WHAT IS BEING ASKED -> Could you return all of the listing below exactly, please?

* * * * *

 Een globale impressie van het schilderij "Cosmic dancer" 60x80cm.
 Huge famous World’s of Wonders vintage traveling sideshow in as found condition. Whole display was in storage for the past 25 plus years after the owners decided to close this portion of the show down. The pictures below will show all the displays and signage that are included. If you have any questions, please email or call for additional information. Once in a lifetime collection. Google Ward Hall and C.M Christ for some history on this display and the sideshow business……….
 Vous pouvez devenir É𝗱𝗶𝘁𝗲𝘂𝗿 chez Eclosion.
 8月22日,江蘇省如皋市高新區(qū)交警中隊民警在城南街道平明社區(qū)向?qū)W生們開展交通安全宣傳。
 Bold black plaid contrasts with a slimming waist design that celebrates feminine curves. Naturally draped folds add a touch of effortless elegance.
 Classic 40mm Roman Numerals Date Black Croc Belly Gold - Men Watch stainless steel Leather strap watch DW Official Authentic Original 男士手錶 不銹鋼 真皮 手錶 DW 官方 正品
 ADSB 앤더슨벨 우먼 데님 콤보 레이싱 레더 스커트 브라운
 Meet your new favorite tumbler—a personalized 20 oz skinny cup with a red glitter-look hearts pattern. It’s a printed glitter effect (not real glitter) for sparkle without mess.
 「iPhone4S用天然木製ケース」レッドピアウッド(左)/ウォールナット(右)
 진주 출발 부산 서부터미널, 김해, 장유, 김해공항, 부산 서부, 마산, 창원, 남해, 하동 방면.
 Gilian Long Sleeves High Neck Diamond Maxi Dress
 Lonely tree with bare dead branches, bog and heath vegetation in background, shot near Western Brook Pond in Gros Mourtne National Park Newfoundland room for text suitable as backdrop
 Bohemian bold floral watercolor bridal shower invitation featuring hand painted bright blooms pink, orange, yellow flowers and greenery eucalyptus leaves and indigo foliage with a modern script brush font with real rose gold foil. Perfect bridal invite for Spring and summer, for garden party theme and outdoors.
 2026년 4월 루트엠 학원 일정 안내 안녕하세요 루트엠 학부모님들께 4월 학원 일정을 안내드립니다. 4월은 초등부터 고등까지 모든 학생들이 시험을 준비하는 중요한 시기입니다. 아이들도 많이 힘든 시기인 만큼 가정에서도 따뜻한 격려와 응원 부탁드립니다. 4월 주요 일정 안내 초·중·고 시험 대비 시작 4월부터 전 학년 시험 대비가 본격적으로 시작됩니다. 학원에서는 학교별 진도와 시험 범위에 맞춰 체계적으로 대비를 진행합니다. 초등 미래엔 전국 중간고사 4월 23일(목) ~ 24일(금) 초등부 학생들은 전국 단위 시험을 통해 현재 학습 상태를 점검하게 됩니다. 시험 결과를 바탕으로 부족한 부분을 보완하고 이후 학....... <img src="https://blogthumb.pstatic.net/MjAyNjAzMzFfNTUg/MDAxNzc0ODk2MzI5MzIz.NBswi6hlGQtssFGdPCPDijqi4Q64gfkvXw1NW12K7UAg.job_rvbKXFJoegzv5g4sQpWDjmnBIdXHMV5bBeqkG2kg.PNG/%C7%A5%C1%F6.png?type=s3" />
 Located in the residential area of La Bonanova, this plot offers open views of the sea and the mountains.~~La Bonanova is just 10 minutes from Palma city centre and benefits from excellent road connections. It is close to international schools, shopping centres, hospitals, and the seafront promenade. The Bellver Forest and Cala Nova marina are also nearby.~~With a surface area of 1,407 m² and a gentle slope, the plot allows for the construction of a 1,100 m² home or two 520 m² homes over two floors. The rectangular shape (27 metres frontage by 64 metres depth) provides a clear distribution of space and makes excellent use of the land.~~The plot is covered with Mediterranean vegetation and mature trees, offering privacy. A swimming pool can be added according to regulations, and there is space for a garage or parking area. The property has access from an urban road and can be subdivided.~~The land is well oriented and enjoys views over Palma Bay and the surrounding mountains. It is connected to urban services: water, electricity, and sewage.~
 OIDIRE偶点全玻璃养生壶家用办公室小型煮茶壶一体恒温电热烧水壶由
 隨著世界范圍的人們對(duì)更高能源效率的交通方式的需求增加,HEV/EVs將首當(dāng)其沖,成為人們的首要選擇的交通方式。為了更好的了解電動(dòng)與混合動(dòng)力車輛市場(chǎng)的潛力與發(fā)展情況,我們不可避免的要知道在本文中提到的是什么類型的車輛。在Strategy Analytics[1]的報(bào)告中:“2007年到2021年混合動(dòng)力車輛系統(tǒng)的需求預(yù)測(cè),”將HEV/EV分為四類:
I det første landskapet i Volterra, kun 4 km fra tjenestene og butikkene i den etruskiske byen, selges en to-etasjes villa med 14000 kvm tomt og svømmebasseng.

* * * * *

RESULT OF THE EXERCISE ->
 Een globale impressie van het schilderij "Cosmic dancer" 60x80cm.
 Huge famous World’s of Wonders vintage traveling sideshow in as found condition. Whole display was in storage for the past 25 plus years after the owners decided to close this portion of the show down. The pictures below will show all the displays and signage that are included. If you have any questions, please email or call for additional information. Once in a lifetime collection. Google Ward Hall and C.M Christ for some history on this display and the sideshow business……….
 Vous pouvez devenir É𝗱𝗶𝘁𝗲𝘂𝗿 chez Eclosion.
 8月22日,江蘇省如皋市高新區(qū)交警中隊民警在城南街道平明社區(qū)向?qū)W生們開展交通安全宣傳。
 Bold black plaid contrasts with a slimming waist design that celebrates feminine curves. Naturally draped folds add a touch of effortless elegance.
 Classic 40mm Roman Numerals Date Black Croc Belly Gold - Men Watch stainless steel Leather strap watch DW Official Authentic Original 男士手錶 不銹鋼 真皮 手錶 DW 官方 正品
 ADSB 앤더슨벨 우먼 데님 콤보 레이싱 레더 스커트 브라운
 Meet your new favorite tumbler—a personalized 20 oz skinny cup with a red glitter-look hearts pattern. It’s a printed glitter effect (not real glitter) for sparkle without mess.
 「iPhone4S用天然木製ケース」レッドピアウッド(左)/ウォールナット(右)
 진주 출발 부산 서부터미널, 김해, 장유, 김해공항, 부산 서부, 마산, 창원, 남해, 하동 방면.
 Gilian Long Sleeves High Neck Diamond Maxi Dress
 Lonely tree with bare dead branches, bog and heath vegetation in background, shot near Western Brook Pond in Gros Mourtne National Park Newfoundland room for text suitable as backdrop
 Bohemian bold floral watercolor bridal shower invitation featuring hand painted bright blooms pink, orange, yellow flowers and greenery eucalyptus leaves and indigo foliage with a modern script brush font with real rose gold foil. Perfect bridal invite for Spring and summer, for garden party theme and outdoors.
 2026년 4월 루트엠 학원 일정 안내 안녕하세요 루트엠 학부모님들께 4월 학원 일정을 안내드립니다. 4월은 초등부터 고등까지 모든 학생들이 시험을 준비하는 중요한 시기입니다. 아이들도 많이 힘든 시기인 만큼 가정에서도 따뜻한 격려와 응원 부탁드립니다. 4월 주요 일정 안내 초·중·고 시험 대비 시작 4월부터 전 학년 시험 대비가 본격적으로 시작됩니다. 학원에서는 학교별 진도와 시험 범위에 맞춰 체계적으로 대비를 진행합니다. 초등 미래엔 전국 중간고사 4월 23일(목) ~ 24일(금) 초등부 학생들은 전국 단위 시험을 통해 현재 학습 상태를 점검하게 됩니다. 시험 결과를 바탕으로 부족한 부분을 보완하고 이후 학....... <img src="https://blogthumb.pstatic.net/MjAyNjAzMzFfNTUg/MDAxNzc0ODk2MzI5MzIz.NBswi6hlGQtssFGdPCPDijqi4Q64gfkvXw1NW12K7UAg.job_rvbKXFJoegzv5g4sQpWDjmnBIdXHMV5bBeqkG2kg.PNG/%C7%A5%C1%F6.png?type=s3" />
 Located in the residential area of La Bonanova, this plot offers open views of the sea and the mountains.~~La Bonanova is just 10 minutes from Palma city centre and benefits from excellent road connections. It is close to international schools, shopping centres, hospitals, and the seafront promenade. The Bellver Forest and Cala Nova marina are also nearby.~~With a surface area of 1,407 m² and a gentle slope, the plot allows for the construction of a 1,100 m² home or two 520 m² homes over two floors. The rectangular shape (27 metres frontage by 64 metres depth) provides a clear distribution of space and makes excellent use of the land.~~The plot is covered with Mediterranean vegetation and mature trees, offering privacy. A swimming pool can be added according to regulations, and there is space for a garage or parking area. The property has access from an urban road and can be subdivided.~~The land is well oriented and enjoys views over Palma Bay and the surrounding mountains. It is connected to urban services: water, electricity, and sewage.~
 OIDIRE偶点全玻璃养生壶家用办公室小型煮茶壶一体恒温电热烧水壶由
 隨著世界范圍的人們對(duì)更高能源效率的交通方式的需求增加,HEV/EVs將首當(dāng)其沖,成為人們的首要選擇的交通方式。為了更好的了解電動(dòng)與混合動(dòng)力車輛市場(chǎng)的潛力與發(fā)展情況,我們不可避免的要知道在本文中提到的是什么類型的車輛。在Strategy Analytics[1]的報(bào)告中:“2007年到2021年混合動(dòng)力車輛系統(tǒng)的需求預(yù)測(cè),”將HEV/EV分為四類:
I det første landskapet i Volterra, kun 4 km fra tjenestene og butikkene i den etruskiske byen, selges en to-etasjes villa med 14000 kvm tomt og svømmebasseng.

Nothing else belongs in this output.